After all, if I recall correctly, the Urban Redevelopment Authority's (URA) initial plan for Farrer Park and Dakota Crescent was to demolish all existing structures, several with heritage value, and erect another sterile development of housing and ancillary services in their place (Farrer Park to make way for redevelopment, March 31, 2018; and Former residents cheer decision to retain parts of Dakota estate, Dec 12, 2017).
Only intervention from true heritage lovers as well as those who understand what it takes to make a city come alive stopped the URA and other related agencies in their tracks.
While the URA's decision to retain a Farrer Park pool which served as training ground for many of our swimming champions is welcome, its plan to erect new sporting facilities in a nod to the area's history would probably end up looking contrived and academic (URA plan to retain Farrer Park's sports heritage cheered, April 1).

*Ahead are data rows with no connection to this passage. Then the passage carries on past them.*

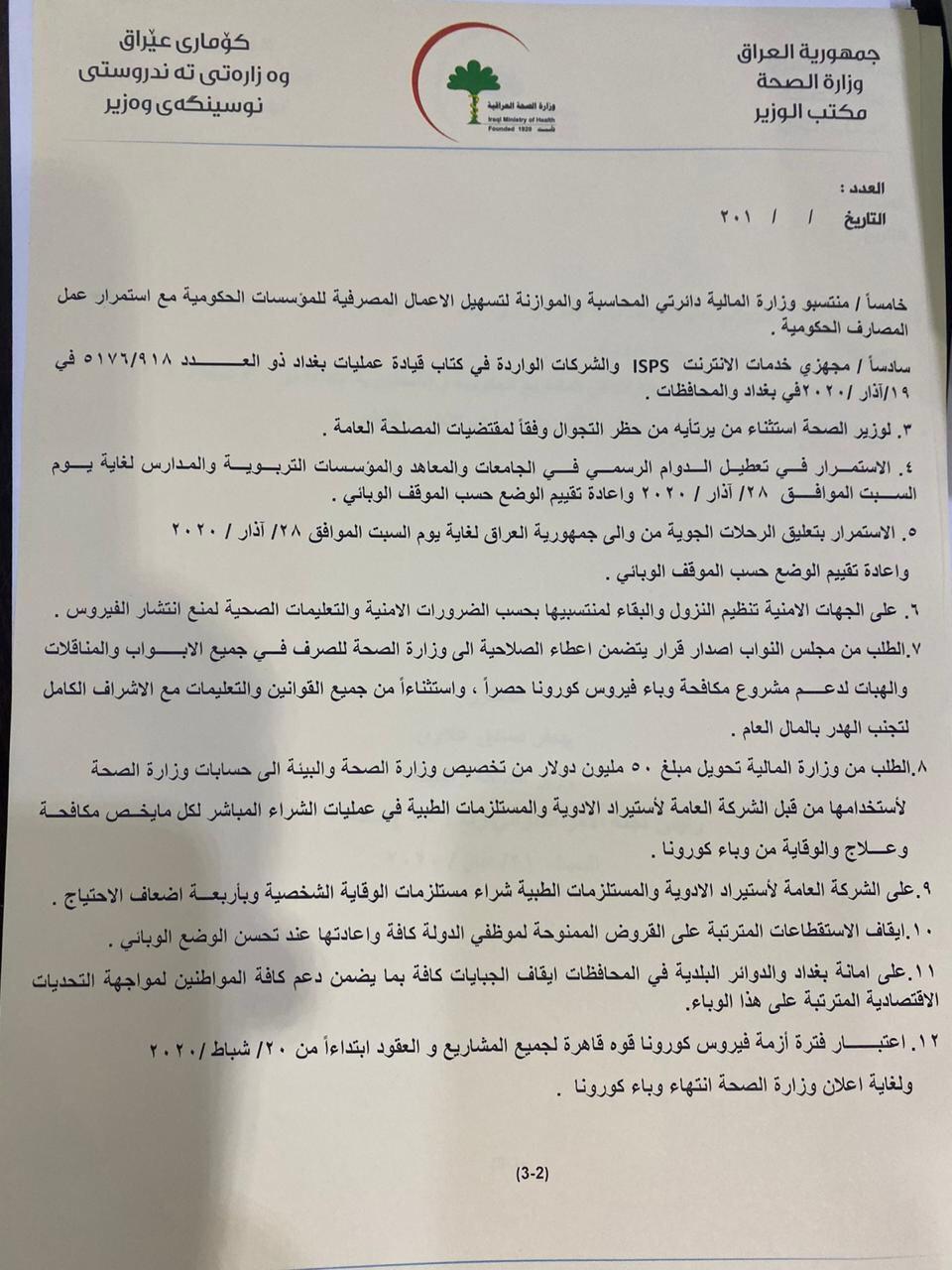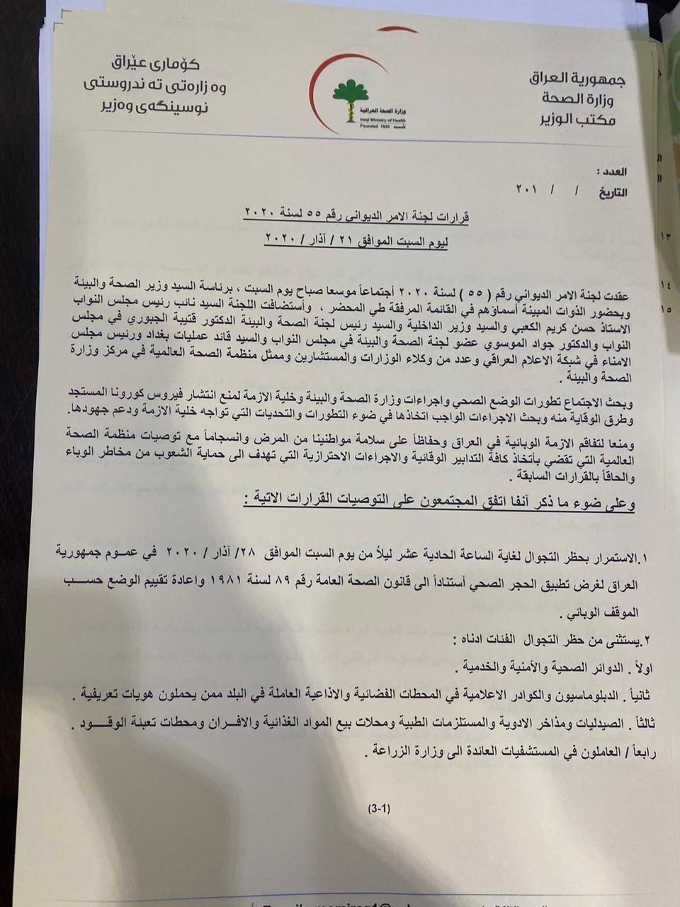 كذلك قررت الخلية بالاستمرار بتعليق الرحلات الجوية لغاية مساء السبت المقبل وإعادة تقييم الوضع حسب الموقف الوبائي، واعتبار فترة أزمة فايروس كورونا “فترة قاهرة” لجميع المشاريع والعقود.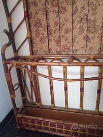 Bellissimo appendiabiti in bambù e rattan con decorazione floreale su stoffa. In ottime condizioni. Altezza 208 cm larghezza 102 cm. Da ritirare in Genova Albaro primo piano
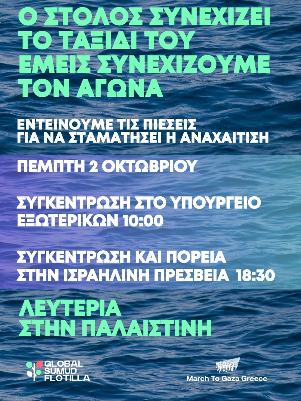 Νέα κινητοποίηση σήμερα Πέμπτη 18:30 στο πάρκο Ελευθερίας (μετρό Μέγαρο Μουσικής) και πορεία στην ισραηλινή πρεσβεία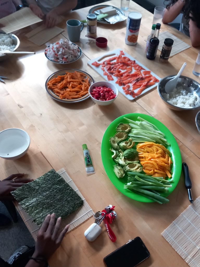 Nous avons fait plusieurs ateliers de cuisine; les ‘’mardi cuisine’’, nous avons fabriqué nos propres pâtes, on a fait des tacos, des grilled cheese, des sushis, des gâteaux et biscuits, et concocté une sauce piquante!!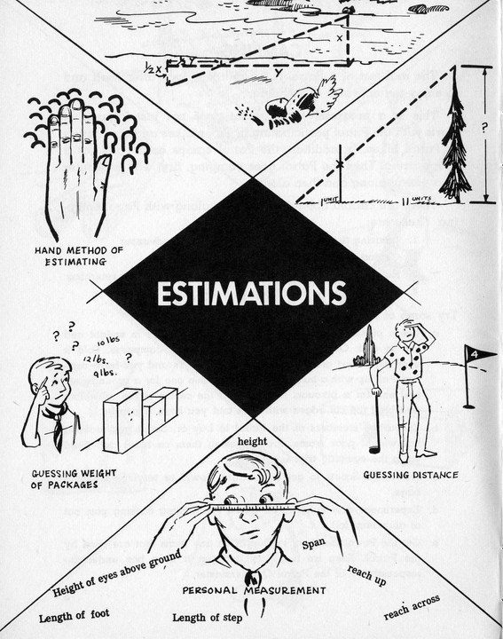 Let's look at that tree again. How many methods of checking can your Patrol do? Pencil method? Shadow method? Napoleon method? Lumberman's method? One-in-twelve method? Don't restrict yourself to trees! Try towers, poles, cliffs, buildings and steeples. Set up a course with 5 or 6 objects. Have each Scout estimate height. Then, as a Patrol, check them by one of the methods mentioned above. Use the same idea for rivers, fields, fairways, roads, rooms, etc. On a Patrol hike, try to estimate distances before covering them. This is good practice for keeping logs on First Class hikes. Ever wonder how many people are in a crowd? Try covering an area with your hand fully outstretched. Estimate or count the number in this area. Multiply by the number of portions required to fill in the whole crowd. Practise with numbers of stones, beans, etc. Make a game of it. Estimating weights can also be fun. Ever see the man at the fair? He is usually accurate to well within the 10% allowed in estimations. This, again, is done by practice. Get your parents or leaders to set up a group of similar-sized packages of various weights. Run a competition for the Patrol. Best estimator to get the contents of one - nuts or candies. Remember - the difference between a "guesstimation" and an "estimation" is practice. |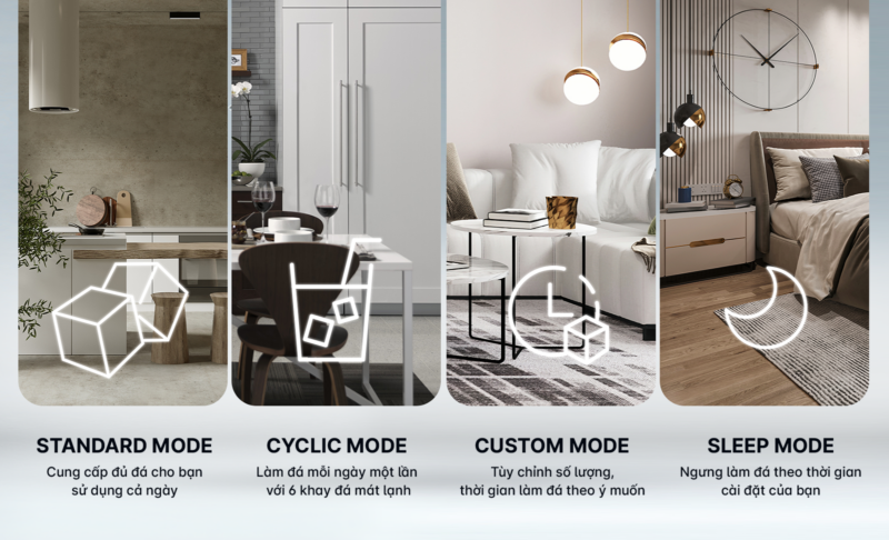 - Hệ thống làm đá tự động thông minh 4 chế độ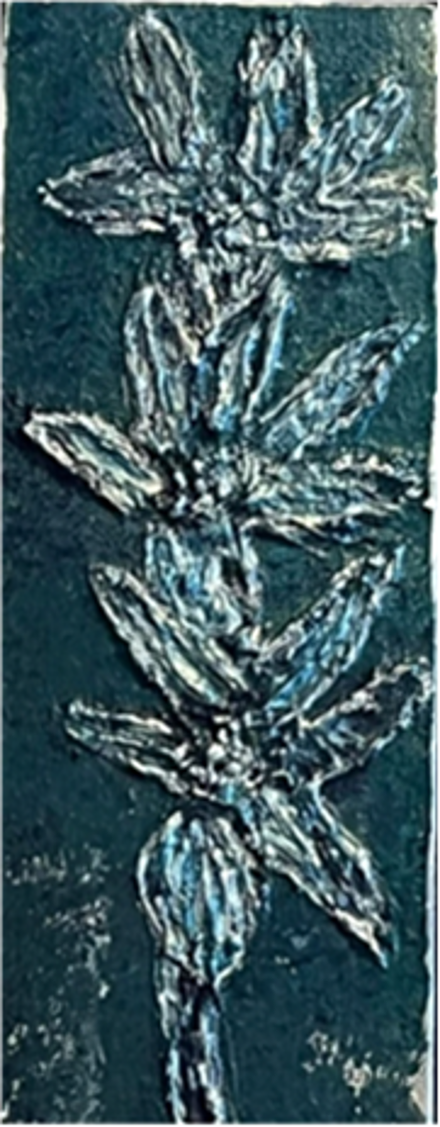För att bygga strukturen i tavlorna använder jag olika material såsom 3D-färg, strukturpasta, utslitna lakan, handdukar, sand, lera och salt. Det är bara fantasin som sätter gränserna för vad som går att använda. Jag tänker återbruk och är kreativ.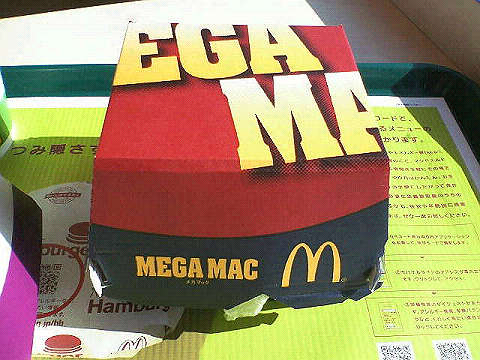 昨日、話題のメガマックを食べてみた。1日数量限定メニュー(ちなみに昨日訪れた豊洲店は20個限定発売)なので、10時30分発売開始と同時に買い求めた。肉4枚はボリュームたっぷり。これなら人気になるのもうなずける。箱に入った状態の「メガマック」。箱を開けた状態の「メガマック」。箱から出した「メガマック」。上からバンズ―肉2枚―レタス―バンズ―肉2枚―チーズ―レタス―バンズの構造。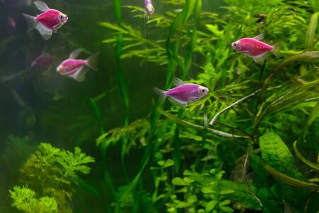 Aquarium with pink colored glofish. Gymnocorymbus ternetzi.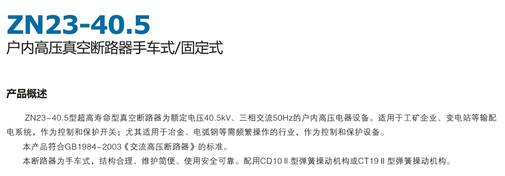 ZN23-40.5户内高压真空断路器手车式/固定式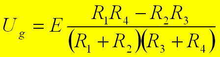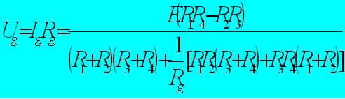 R1R4=R2R3时,Ig=0,Ug=0,即电桥处于平衡状态。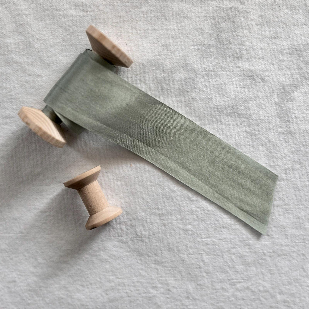 Sage Green Hand-Dyed Silk Ribbon - 1.25in - 100% Silk with Woven Edge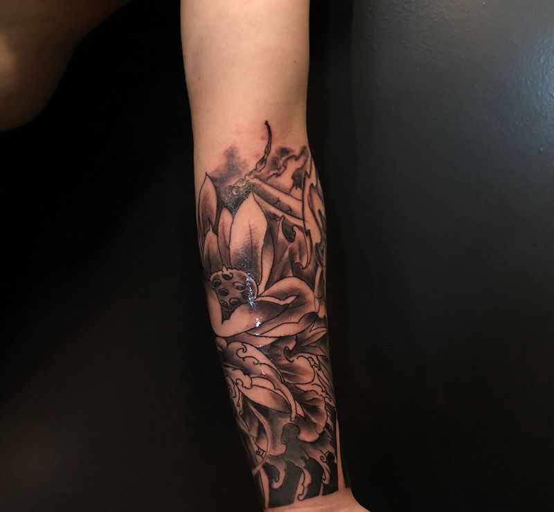 当前位置: 首页 >甘肃省白银市纹身店-明刺先生 艺术刺青纹身图案>荷花纹身图片_新传统纹身图案

The once idyllic Farrer Park, with its walk-up public apartment blocks along Race Course Road overlooking the expansive pitches and stadium for various sports, is long gone. It can never be recreated even if the authorities wanted to, given the structural and demographic changes that have taken place in the area and our society since then.
It is at the Kallang Basin and Marina East precincts that our authorities should curate and construct a global sports-related lifestyle and tourism metropolis with the Sports Hub at its heart, as opposed to another characterless neighbourhood of mixed and residential developments at Kallang, according to URA's existing plans.